The night was about Jeff Beck.  He’s the man. At one point he joined Tal, and together they played her bass at the same time, he played at the nut and she played up the neck!  A 4-hander, that was the fun (and show-offy) bit.

They also did “Blue Wind” and the reggae-ish “Behind The Veil”, and I was again reminded that in the old days and places, there would have been dancing!

They did a couple of encores, and I queued at the toilet, exchanging banter with loads burstin’ middle-aged rockers before heading home to check out Tal’s website and listen to all the stuff he didn’t do.

Now, Beck played a Les Paul on “Blow by Blow” in 1975 and switched to a Stratocaster for the next album, “Wired“.  It’s the tremolo that makes the difference.  He’s played a Strat ever since — a nice white one. He gargles the tremolo, plays without a plectrum (he uses his thumbnail), fades using the pot (rather than a pedal), and really, really, takes risks.

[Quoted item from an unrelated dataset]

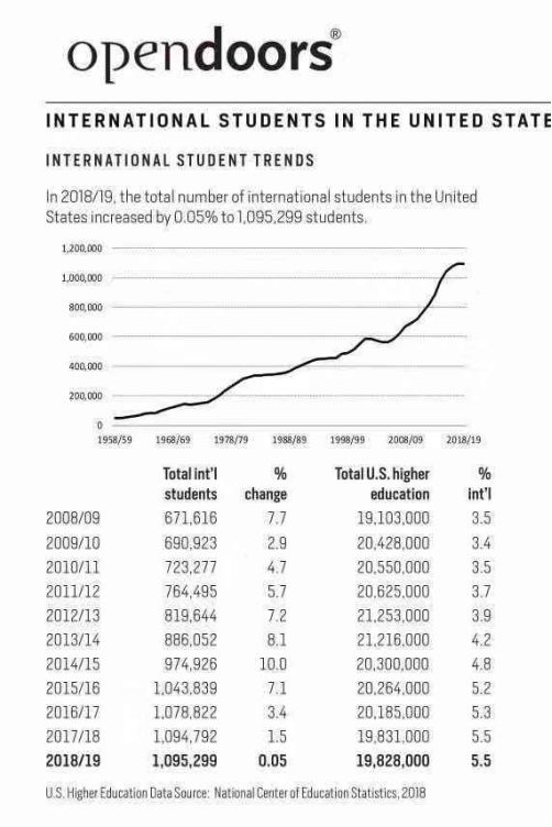 总体来说, 在美国的国际学生总数是呈上升趋势 ,2017-2018学年总人数为1,094,792,2018-2019学年为 1,095,299人,同比增长 0.05%。

For example, on “Blow by Blow”, years ago, he played a note, then pitched it up, bending the string — but in stages, precise intervals up and down on one pluck, note clear and pitch perfect.

Tonight, he did that, and a tremolo version of it, whereby he would strike the note, and play a melody using the lever of the whammy bar alone — again, precise intervals, small movements of the trem arm down and up – genius and virtuosity, and huge balls to take the chance.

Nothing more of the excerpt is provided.